INDECOPI is the GOP agency responsible for reviewing domestic competition-related concerns. Congress published a mergers and acquisitions (M&A) control law in January 2021. The law currently requires INDECOPI to review and approve M&As involving companies, including multinationals, that have combined annual sales or gross earnings over $146 million in Peru and if the value of the sales or annual gross earnings in Peru of two or more of the companies involved in the proposed M&A operation exceed $22 million each.

A legislative decree issued in September 2018 (DL 1444) modified the public procurement law to allow government agencies to use government-to-government (G2G) agreements to facilitate procurement processes.  The GOP considers the G2G procurement model as a suitable method for expediting priority infrastructure projects in a manner that is more transparent and less susceptible to corruption. However, the USG, outside of the US Army Corps of Engineers, does not have a mechanism to support Peru’s G2G contracts. Peru expanded the use of G2G agreements in 2021 to include large infrastructure projects including a $1.6 billion general reconstruction initiative (related to damages caused by the El Nino event of 2017) and a $3.0 billion Central Highway project.
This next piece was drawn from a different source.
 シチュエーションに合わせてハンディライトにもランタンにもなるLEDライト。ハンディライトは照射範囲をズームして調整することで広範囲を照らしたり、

The Peruvian Constitution states that Peru can only expropriate private property based on public interest, such as public works projects or for national security. Article 70 of the Constitution establishes that the State can only expropriate through a judicial process or prior mandate of the law, and only after payment of compensation, including for damages. Peruvian law bases compensation for expropriation on fair market value. Article 70 also guarantees the inviolability of private property.

Public dialogue has at times touched the theme of expropriation or nationalization of the extractives sectors, including during political campaigns, but the GOP has not to date moved forward with any direct expropriation of sectors or businesses. Landowners have alleged indirect expropriation due to government inaction and corruption in “land-grab” cases that have, at times, been linked to projects endorsed by subnational governments.
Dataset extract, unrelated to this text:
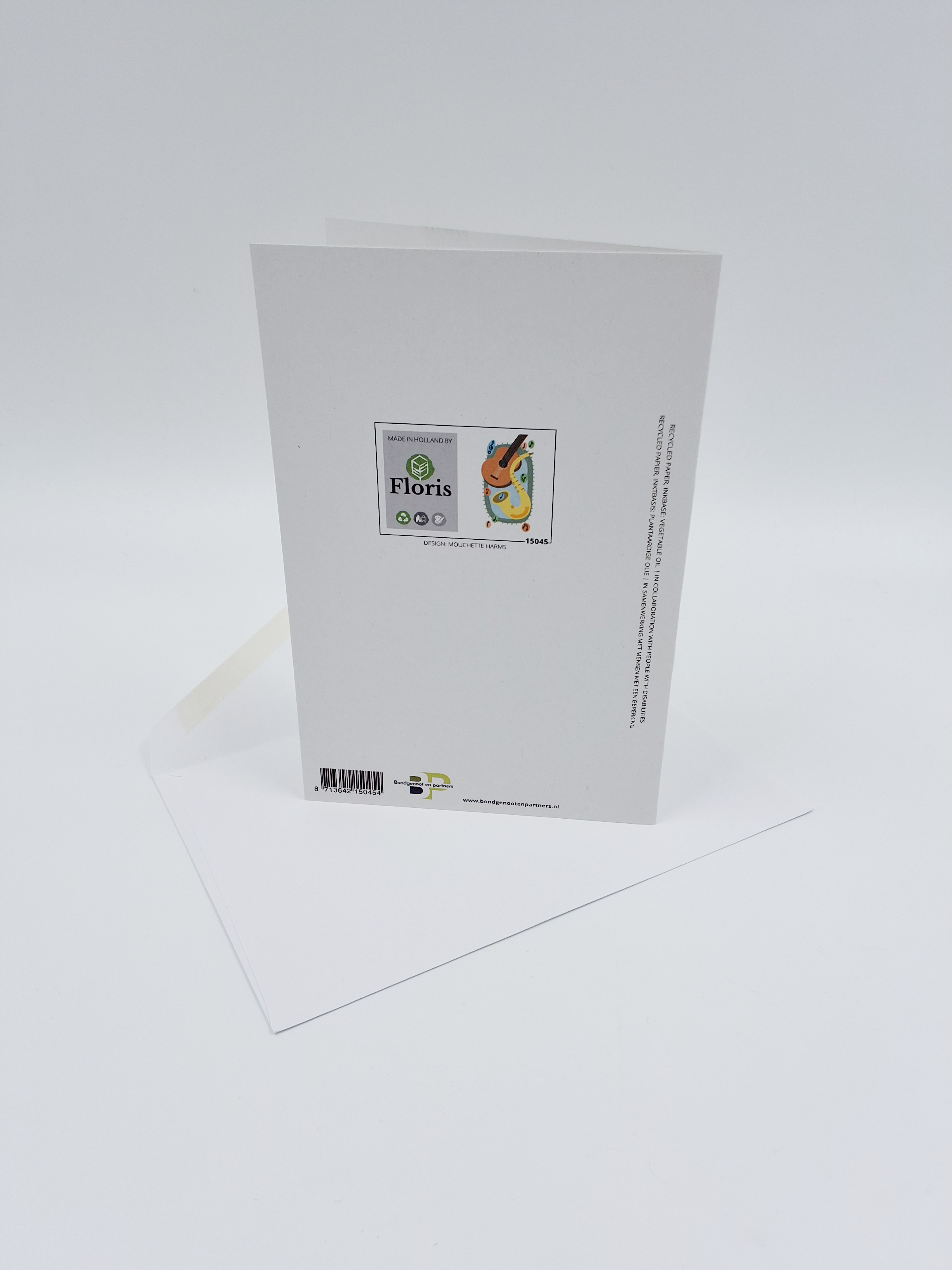 Deze wenskaart is iets groter dan een standaard wenskaart en heeft geen plastiek verpakking. Elke kaart komt met een passende envelop.

Peru has a creditor rights hierarchy similar to that established under U.S. bankruptcy law, and monetary judgments are usually made in the currency stipulated in the contract. However, administrative bankruptcy procedures are slow and subject to judicial intervention. Compounding this difficulty are occasional laws passed to protect specific debtors from action by creditors that would force them into bankruptcy or liquidation. In August 2016, the GOP extended the period for bankruptcy from one year to two years. Peru does not criminalize bankruptcy.

4. Industrial Policies

Peru offers foreign and national investors legal and tax stability agreements to stimulate private investment. These agreements guarantee that the statutes on income taxes, remittances, export promotion regimes (such as drawbacks, or refunds of duties), administrative procedures, and labor hiring regimes in effect at the time of the investment contract will remain unchanged for that investment for 10 years. To qualify, an investment must exceed $10 million in the mining and hydrocarbons sectors or $5 million within two years in other sectors. An agreement to acquire more than 50 percent of a state-owned company’s shares in a privatization process may also qualify an investor for a legal or tax stability agreement, provided that the added investment will expand the installed capacity of the company or enhance its technological development. The government does not currently offer any incentives for clean energy investments.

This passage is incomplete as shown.